Secondary Imagination: The primary imagination is universal and is
possessed by all. The Secondary imagination makes artistic creation
possible. It requires an effort of the will and conscious effort. It works upon
what is perceived by the primary imagination: its raw material is the
sensations and impressions supplied to it by the primary imagination. It
selects and orders the raw material, and reshapes and remodels it into
objects of beauty. It is ensemplastic and it dissolves, diffuses, dissipates, in
order to create. The Secondary Imagination is at the root of all poetic
activity. It is the power which harmonizes and reconciles opposites, and
Coleridge calls it a magical synthetic power. It fuses the various faculties of
the soul-the subjective with the objective, the human mind with external
nature, the spiritual with the physical or material.
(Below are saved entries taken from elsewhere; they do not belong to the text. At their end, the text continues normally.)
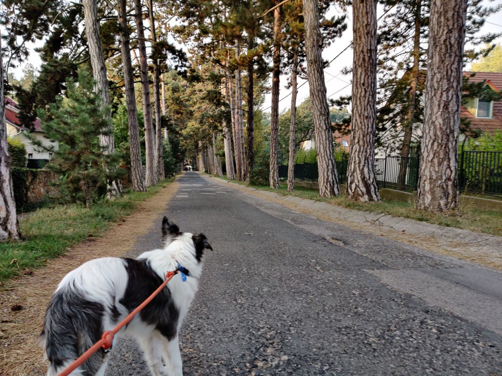 Lucát minden második héten, amikor nálam lakik, hétköznap reggelenként autóval elviszem a piliscsabai vasútállomásra, ahol ő vonatra ül (ami elviszi egészen az iskoláig). Kitaláltam, hogy Cimbi is jöjjön velünk, én pedig miután elköszönünk Lucától, elmegyek vele sétálni. Természetesen pórázzal, mivel az állomáson sokan vannak, és néha még óriási vonatok is előfordulnak. Négylábú kisfiamat sokat dicsértem már, de úgy kerek, ha nem csak a jókat mesélem; így most szót ejtek arról is, hogy pórázzal vezetve nem igazán engedelmes. Persze minden viszonyítás kérdése, bizonyára sok kutyagazda örülne, ha csak ennyire húzna a kedvence, de engem Cimbi úgy elkényeztetett, hogy nehezemre esik félpercenként rászólni.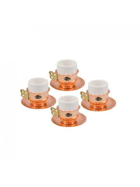 Setul include: 4 x cești din cupru + cupe de porțelan de 50 ml + farfuriuțe din cupru.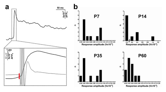 Comparison of VSDI (voltage-sensitive dye imaging) and electrophysiological signals and LFP (local field potential) recordings across different post-developmental stages. (a) Average of a representative VSDI trace from a P14 rat (top). The inset (bottom) shows VSDI and LPF traces superimposed and phase-locked from the same experiment. VSDI signal (black line) has a slower rising phase following stimulation (red bar), while field excitatory post synaptic potential (fEPSP) (grey line) reaches the peak before and has a faster decay. The light grey rectangle indicates a stimulation artefact. (b) Frequency distribution of post-stimulus response amplitudes at different ages. Early postnatal rats (P7–P14) are characterised by variable behaviour presenting a higher number of strong responses (>80 µV), while with maturation, this pattern shows a more conspicuous number of lower amplitude recordings. For (b): P7, n = 11 recordings; P14, n = 10; P35, n = 9; P60, n = 11.

The primary and secondary imaginations do not differ from each other in
kind. The difference is only of degree. The SI is more active, more as a
result of volition, more conscious and more voluntary than the primary one.
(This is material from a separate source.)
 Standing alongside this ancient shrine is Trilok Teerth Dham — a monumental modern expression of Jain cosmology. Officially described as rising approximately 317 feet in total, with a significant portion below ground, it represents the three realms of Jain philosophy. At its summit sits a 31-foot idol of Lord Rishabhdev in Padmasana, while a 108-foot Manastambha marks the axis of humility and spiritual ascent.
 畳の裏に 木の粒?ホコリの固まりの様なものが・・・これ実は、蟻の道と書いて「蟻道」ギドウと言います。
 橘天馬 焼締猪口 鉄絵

Fancy: Imagination and fancy differ in kind. Fancy is not a creative power at
all, but is a mechanical process which receives the elementary images which
come to it ready made, and without altering these, fancy reassembles them

into a different order from that in which it was received. It only combines
what it perceives into beautiful shapes, but does not fuse and unify. It is a
kind of memory that arbitrarily brings together images, and even when
brought together, these images continue to retain their separate and
individual properties. They receive no colouring and or modification from the
mind.
Willing suspension of disbelief: During the perusal of a poem or the
witnessing of a play, there is neither belief nor disbelief, but a mere
suspension of disbelief.
Organic wholeness of a poem: Coleridge established that the poem is an
organic whole, and that its form is determined by its content and is essential
to that content. Thus metre and rhyme are not merely pleasure superadded, not something superfluous which can be dispensed with, not mere
decoration, but essential to that pleasure which is true poetic pleasure.